With the cost of medical care in the United States continuing to climb, it is quite possible that unexpected complications of a premature delivery or other condition can more than double your projected surrogacy costs. NICU costs in the United States can run $5,000 USD per day, and a stay of several weeks is typical if a baby is born a few weeks early.
These high costs are why Intended Parents are required by law to provide health insurance of their surrogate in the United States. It is NOT the case that the surrogate’s own health insurance will provide coverage. Most insurance policies will not cover costs of a pregnancy resulting from a surrogate agreement. Technically, if an insurance policy does not specifically deny coverage in surrogacy cases then it must legally cover those pregnancies — but more and more insurers are explicitly denying this type of coverage.

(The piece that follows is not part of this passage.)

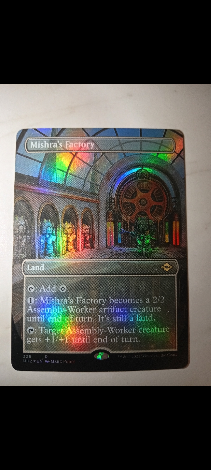Продам Foil Fullart "Mishra's Factory" из Modern Horizons 2. Карта попала и бустера в альбом и не видела ни одной партии.

Fortunately policies are still available that will cover surrogacy pregnancies. These policies typically cost $400 to $500 per month depending on the terms (co-payments and deductibles will heavily influence the policy premiums). Special IVF or ART related insurance is also possible through providers such as NewLife Insurance — but these unique polices are typically exorbitantly expensive.
Insurance for the Newborn
Insurance policies are also available to cove the newborn, although the intended parents’ own insurance typically has provisions for adding new family members for a reasonable cost. All intended Parents should check their own insurance policy (of the national medical plan in their home country) to see how a newborn can be added at a low cost.
The newborn should be added in the third trimester, well before the expected delivery date (to cover a premature birth or any complications that happen at the time of the birth). If insurance is not available before the baby is born, then some supplemental insurance may need to be purchased to bridge the gap between the time of the delivery and the time that the insurance coverage takes effect.
What Surrogacy Procedures are Covered Under Health Insurance?
Currently only 15 states have laws requiring insurance companies to cover infertility treatment — even though about 12 percent of U.S. women of childbearing age have received medical treatment for infertility. Of these states most do not include a basic IVF procedures in their required coverage. No state will require surrogacy procedures to be covered, and only a few insurers will do this voluntarily.
Here is what is and is not generally covered by insurance:
- Typically, insurance companies will not cover the cost of an egg or embryo transfer to a surrogate.
- Rarely do insurance companies cover in vitro fertilization procedures.
- Some private health insurance companies WILL cover the cost of artificial insemination IF the surrogate is using a combination of her own eggs with the genetic father’s sperm.
- Certain insurance companies include a specific clause in their plans that excludes medical coverage for surrogate pregnancies. However, if an insurance company does not specifically state that this type of pregnancy will not be covered, they must by law cover the costs that they normally would if it were a traditional pregnancy.
- In most cases, when dealing with a surrogate pregnancy, the parents of the child will cover the costs not taken care of by insurance.
- It is common for many health insurance companies to cover the cost of the pregnancy, but covering the fertility treatments will be the responsibility of the surrogate or the donor.
- In the case of a surrogacy pregnancy, some health insurance companies will give you the option of adding a temporary policy to your plan to cover the costs of the surrogate, the fertility treatments, as well as the labor and delivery.